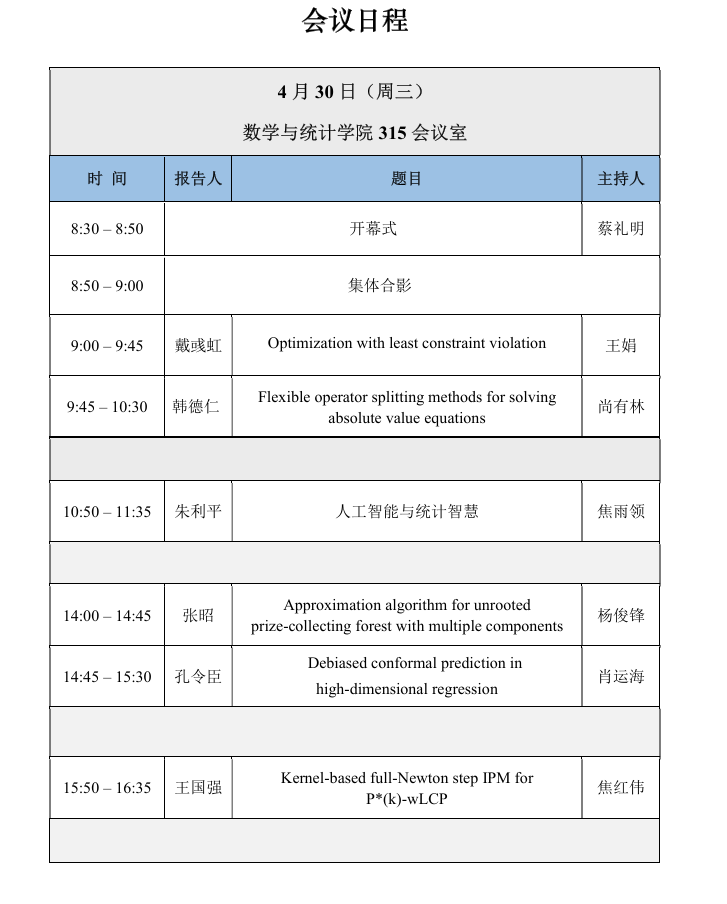 为了促进统计与优化及相关领域的学术交流,公司联合武汉大学国家天元数学中部中心,将于2025年4月29日-5月1日在河南省365英国上市集团举办统计与优化学术研讨会。4月29日报到(信阳中乐百花酒店), 4月30日会议报告(英国上市公司365315会议室),5月1日离开会议。会议将探讨统计与优化及相关领域最新前沿问题的进展。希望会议能促进专家、青年研究者和研究生的交流与合作。
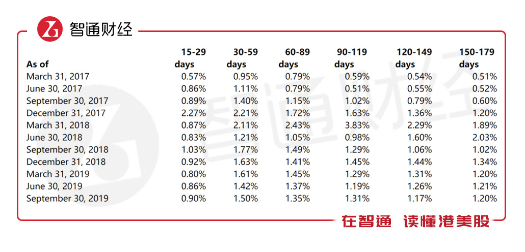 投资者可能会看到,拍拍贷的逾期率比较低,今年Q3,15-29天的逾期率为0.9%,30-59天的逾期率为1.5%,60-89天的逾期率为1.35%,90-119天的逾期率为1.31%,120-149天的逾期率1.17%,150-179天的逾期率为1.2%。从往季看,该公司的各项期间的逾期率保持相对稳定的状态。
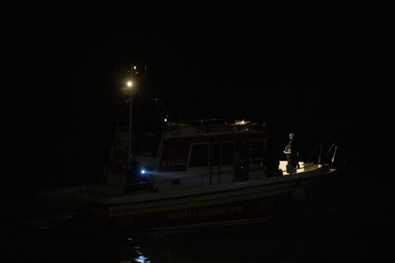Polícia na lodi na hladine Dunaja v Bratislave pátra po páchateľovi, ktorý uniká po streľbe na Zámockej ulici. Bratislava, 12. október 2022. Foto: SITA/Diana Černáková.
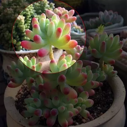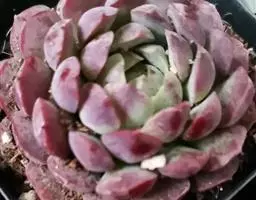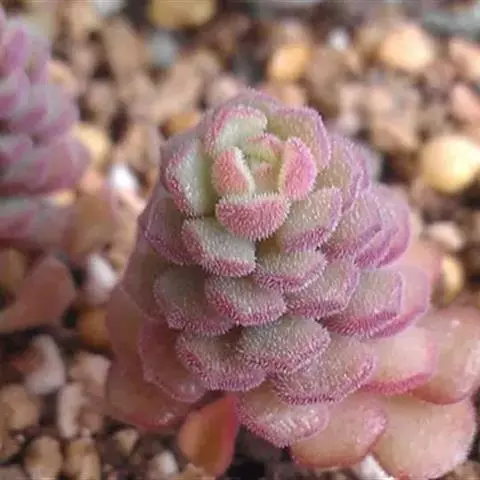 紫珍珠是景天科石莲花属的多年生肉质草本植物。植株中小型;叶片肉质,匙形,呈莲座状紧密排列;叶片粉紫色,…
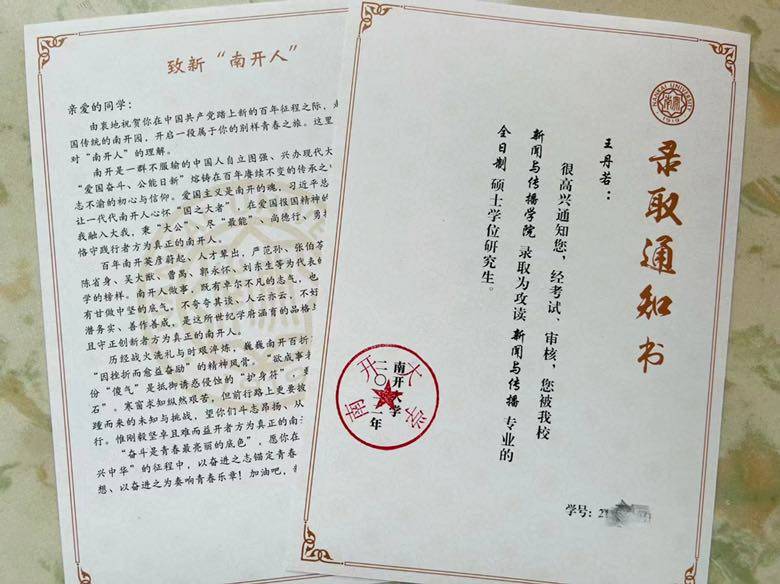 今年夏天真是收获的季节!今天我侄女收到南开大学研究生录取通知书,从四川大学考到南开大学读研,从一个985走向另一个985,目前成为我们家族的最高学历。希望三年后我儿子也能和表姐一样再上一个台阶。
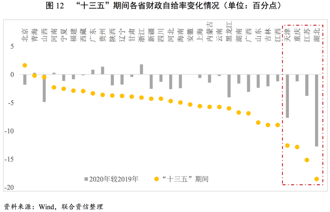 從財政自給率變動情況看,2020年,湖北、天津財政自給率下降最多,分別為13個百分點和8個百分點,大部分省份僅下滑1~2個百分點。從整個“十三五”規(guī)劃期間看,各省地方財政平衡能力均呈減弱趨勢,其中湖北、江蘇、重慶、天津財政自給率下滑幅度較大,超過10個百分點,地方財政緊張程度加深。
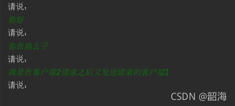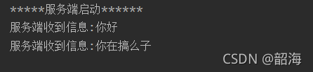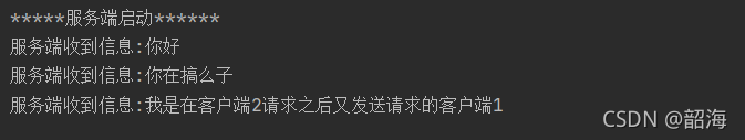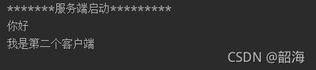 但是我们这样写,一个服务端只能接受一个客户端的消息。演示如下:
***
## What is needed
Print exactly, and only, the lines from the line containing "從財政自給率變動情況看,20" to the last line of the material above, with every picture left out.

## Task solution
 從財政自給率變動情況看,2020年,湖北、天津財政自給率下降最多,分別為13個百分點和8個百分點,大部分省份僅下滑1~2個百分點。從整個“十三五”規(guī)劃期間看,各省地方財政平衡能力均呈減弱趨勢,其中湖北、江蘇、重慶、天津財政自給率下滑幅度較大,超過10個百分點,地方財政緊張程度加深。
 但是我们这样写,一个服务端只能接受一个客户端的消息。演示如下:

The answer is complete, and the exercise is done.